(Material provided begins)

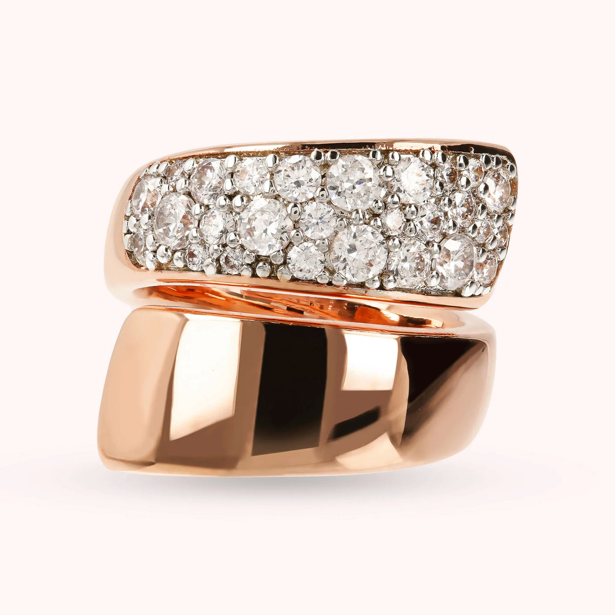 Anello contrarié realizzato in lega Golden Rosé, placcata oro giallo 18kt, impreziosito da due elementi a forma di foglia, uno dei quali con superficie pavé in cubic zirconia di colore bianco, qualità luminosa.
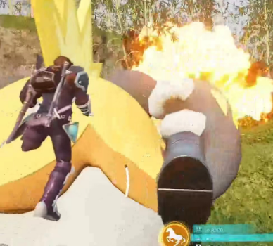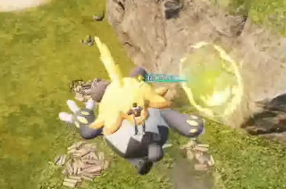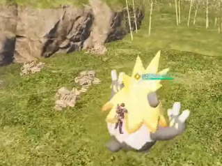 2、我们用雷胖达的伙伴技能对竹林进行轰炸,就可以强行采集木材。
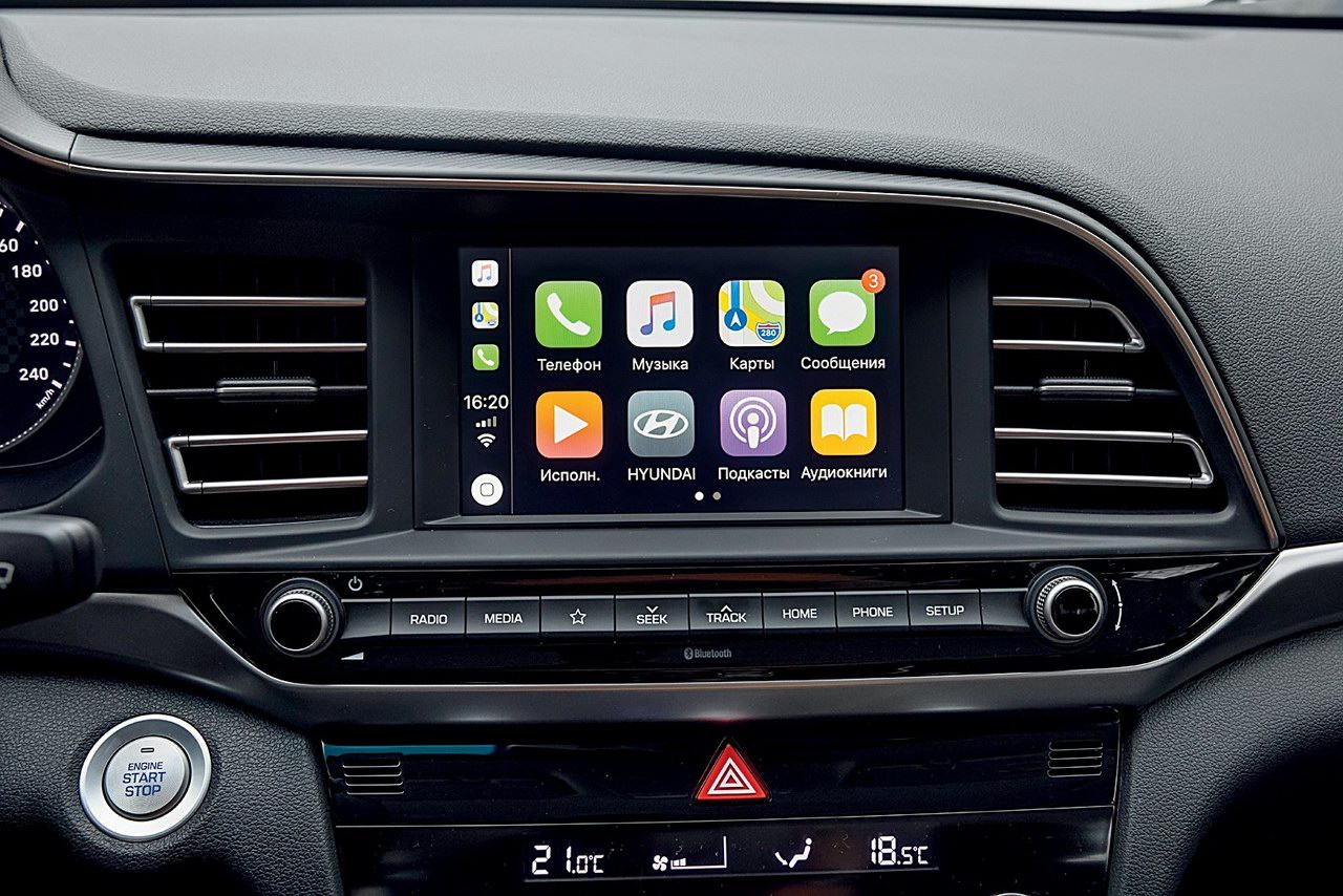 Но в лидеры по части оснащенности Elantra не выбилась. Адаптивного круиз-контроля нет. Системы автоторможения – тоже. Даже про электрообогрев ветрового стекла забыли, хотя на родственном Kia Cerato он есть давным-давно.

(Material provided ends)

* _Task to carry out_: Output the data above exactly; pictures do not belong in the copy.

* _Solution_:
 Anello contrarié realizzato in lega Golden Rosé, placcata oro giallo 18kt, impreziosito da due elementi a forma di foglia, uno dei quali con superficie pavé in cubic zirconia di colore bianco, qualità luminosa.
 2、我们用雷胖达的伙伴技能对竹林进行轰炸,就可以强行采集木材。
 Но в лидеры по части оснащенности Elantra не выбилась. Адаптивного круиз-контроля нет. Системы автоторможения – тоже. Даже про электрообогрев ветрового стекла забыли, хотя на родственном Kia Cerato он есть давным-давно.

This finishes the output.